The Parable of Mountain and Sea - ID
Bagi makhluk seperti Li Bu Ren, murni ciptaan kehancuran, emosi seperti "rasa takut" nyaris tidak ada.
Alasan ia memiliki kekuatan tak terbatas namun tak berani menggunakannya berpangkal pada "naluri" murni.
Saat pikiran untuk memanfaatkan kekuatan immortal spiritual force yang tak terbatas itu muncul dalam benaknya, pemandangan tak bertepi Infinite Sea akan kembali terhampar di hadapan matanya.
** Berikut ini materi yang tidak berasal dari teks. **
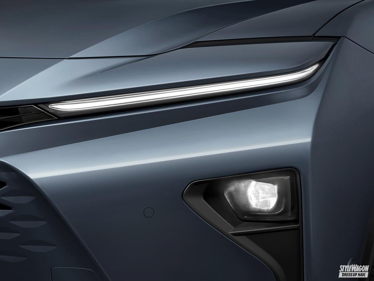 エクステリアでは顔が印象的。バンパー一体型のフロントグリルはボディと同色で、個性的でもあり独創的とも感じられる顔だ。さらに水平基調のデイタイムランプを採用したハンバーヘッドフェイスはトヨタの顔として印象付けられる。
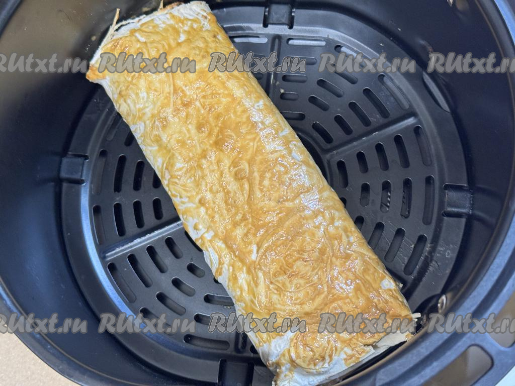 Рулет из лаваша целиком не поместится в чашу аэрогриля, поэтому его нужно разрезать на 2 части.
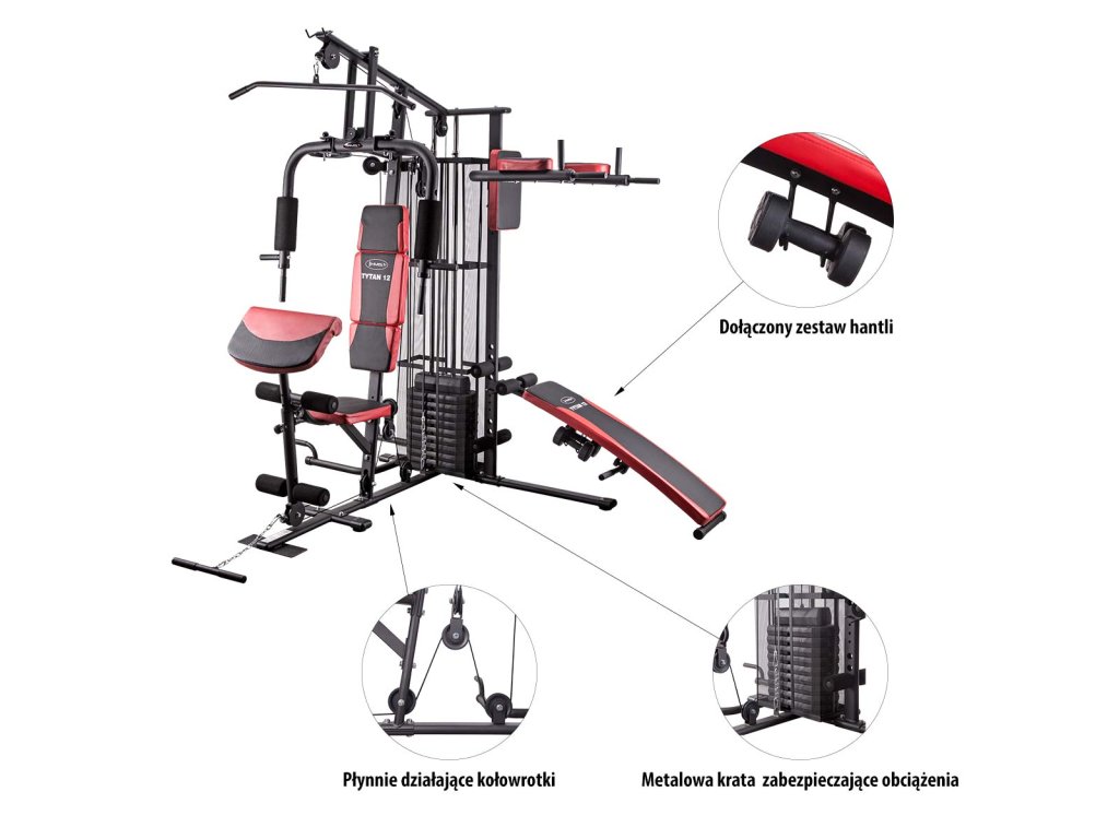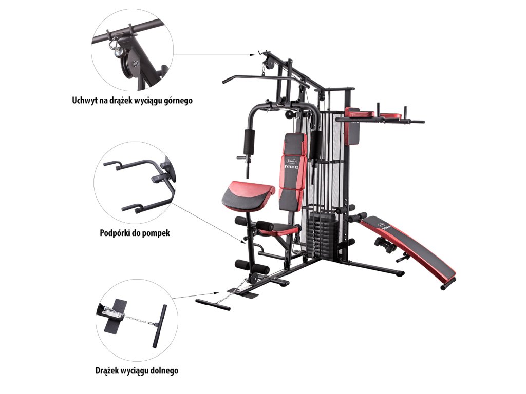 HMS Tytan 12 je moderná, posilňovacia veža pre komplexný silový tréning v domácom prostredí. Základ konštrukcie tvorí sada závaží, ktorá sa skladá z 9-tich tehál s hmotnosťou 7 kilogramov az hornej tehly s hmotnosťou 5 kilogramov, celková hmotnosť závažia teda je 68 kilogramov. Súprava závaží je pre maximálne bezpečie krytá drôtenou klietkou. Záťaž je pomocou sady kladiek s ložiskami a oceľových lán rozvádzaná k jednotlivým aktívnym prvkom:
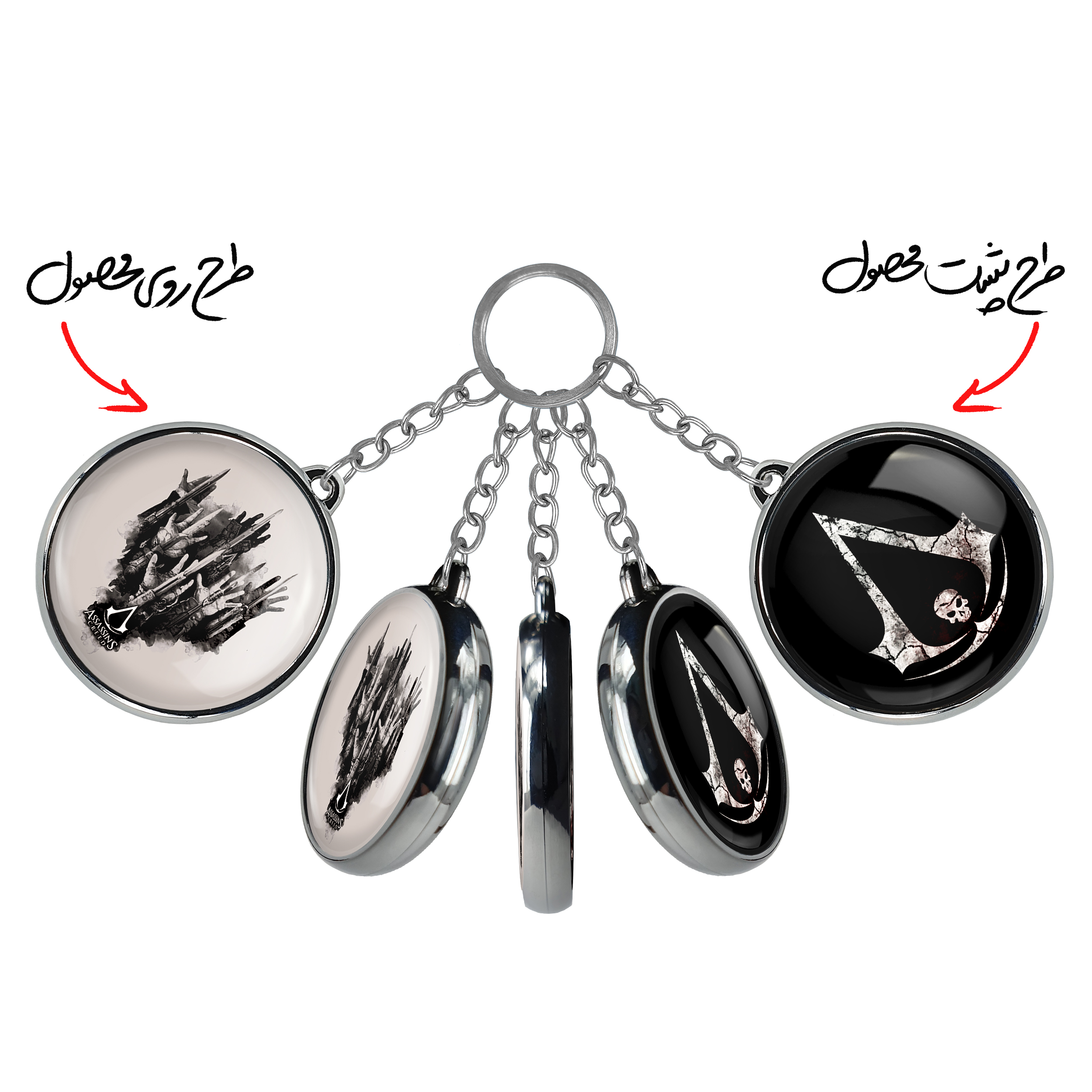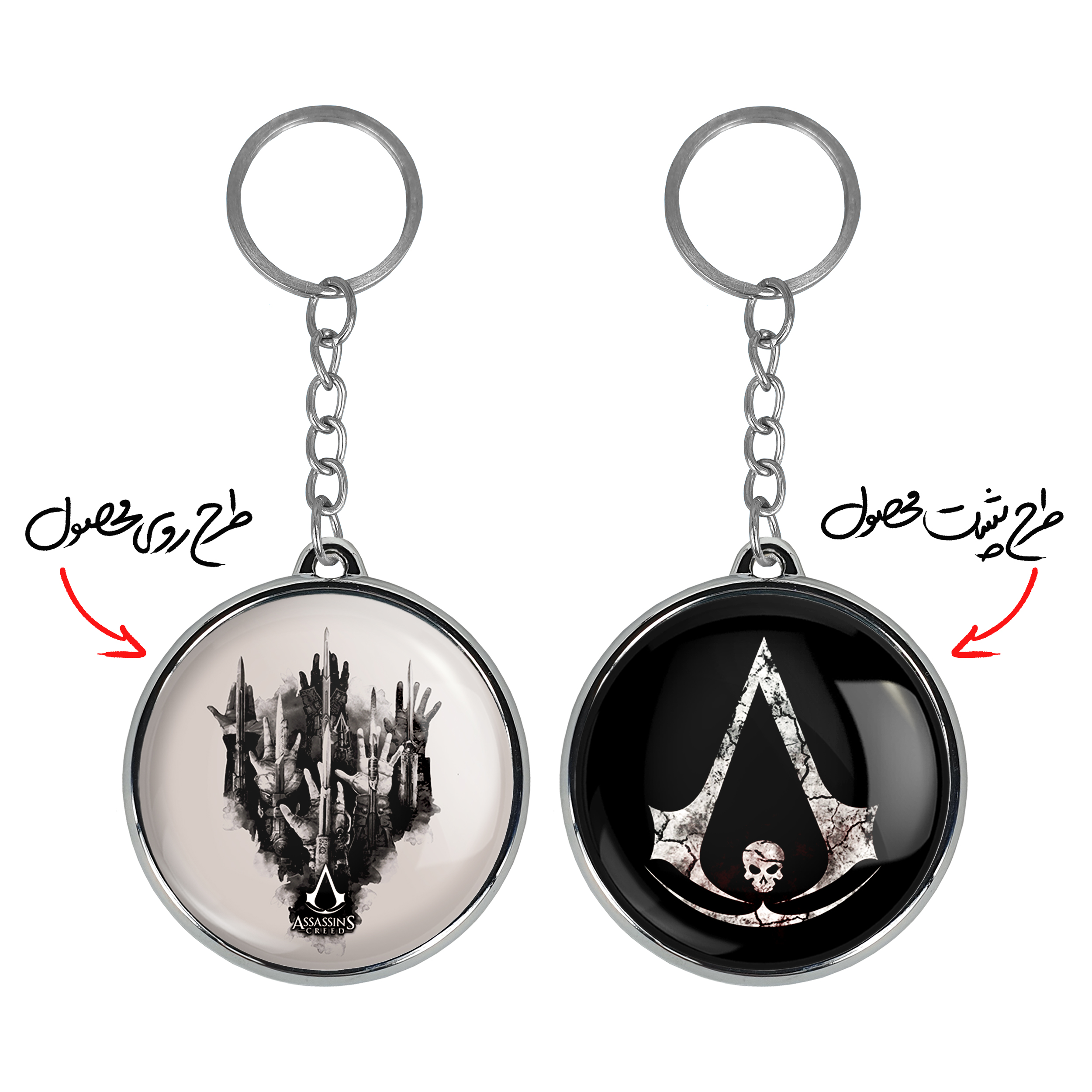 جاکلیدی دوطرفه بازی اساسینز کرید Assassin’s Creedخندالو محصولی کاربردی و جدید است که در هر دو سمت محصول، تصویری متفاوت اما از یک موضوع چاپ شده و تفاوت اصلی آن با جاکلیدی های یک طرفه در همین است که هر دو سمت پشت و روی جاکلیدی، طرحی دیدنی و جذاب دارد. همچنین رینگ بکار برده شده برای دور طرح ها آبکاری کروم درجه یک و رنگ ثابت است و برخلاف سایر محصولات مشابه، از رنگ های متفرقه و یا سفید استفاده نشده، که این مهم، زیبایی محصول نهایی را چند برابر کرده است. جاکلیدی های دوطرفه بازی اساسینز کرید Assassin’s Creedبا استفاده از روکش سلفون براق ضدخش تولید شده که خاصیت ضدخش بودن آن عمر مفید استفاده از جاکلیدی ها را افزایش میدهد. چاپ جاکلیدی ها با دستگاه های استاندارد و با بهترین سطح کیفیت صورت گرفته و طرح با شفافیتی مثال زدنی و با سلفون چسبی تولید شده است که باعث شده محصول نهایی بدون شکست نور دیده شود. همچنین بسته بندی جذاب و مینیمال جاکلیدی دوطرفه بازی اساسینز کرید Assassin’s Creed، آنها را محصولی مناسب هدیه کرده است. زنجیر و حلقه بکار برده شده در جاکلیدی خندالو از نوع حلقه ضخیم و محکم بوده و حین استفاده آسیب نمی بیند.
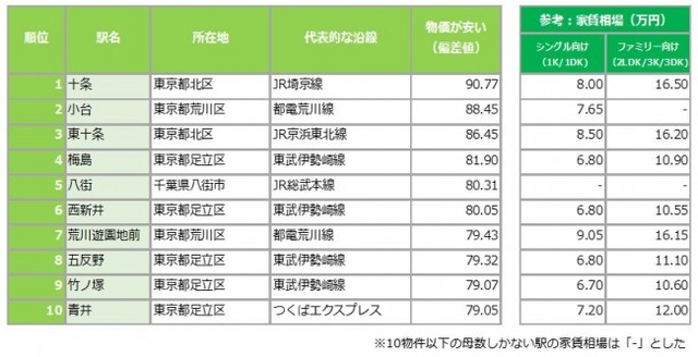1位の十条、3位の東十条は、池袋や新宿、東京など都心ターミナル駅から近いにも関わらず、他地域を抑え上位に
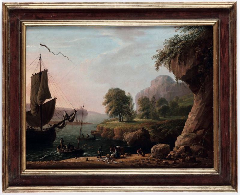Scuola fiamminga XVIII secolo Paesaggio con pescatori
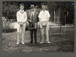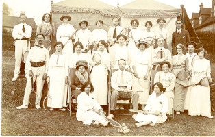 Sepia postcard of tennis players
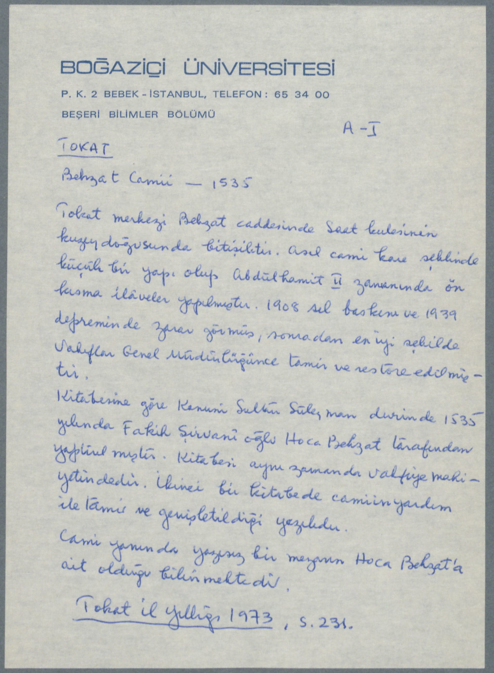 Behzat Camii, Tokat, 1535/6 (H.942)

Ombak raksasa, dengan setiap tetesannya membendung bobot triliunan tahun sejarah, akan mengamuk melewati saluran yang telah ia buka menuju Infinite Sea dan menghantam segala hal, menenggelamkan seluruh makhluk di dunia, bahkan Great Dao langit dan bumi. Tak ada yang akan bertahan di alam fana.
Tekanan yang tak terlukakan ini membuat Li Bu Ren tak mampu menekan "tombol" tak kasatmata itu, meskipun kekuatannya sudah ada di sana, dalam genggamannya.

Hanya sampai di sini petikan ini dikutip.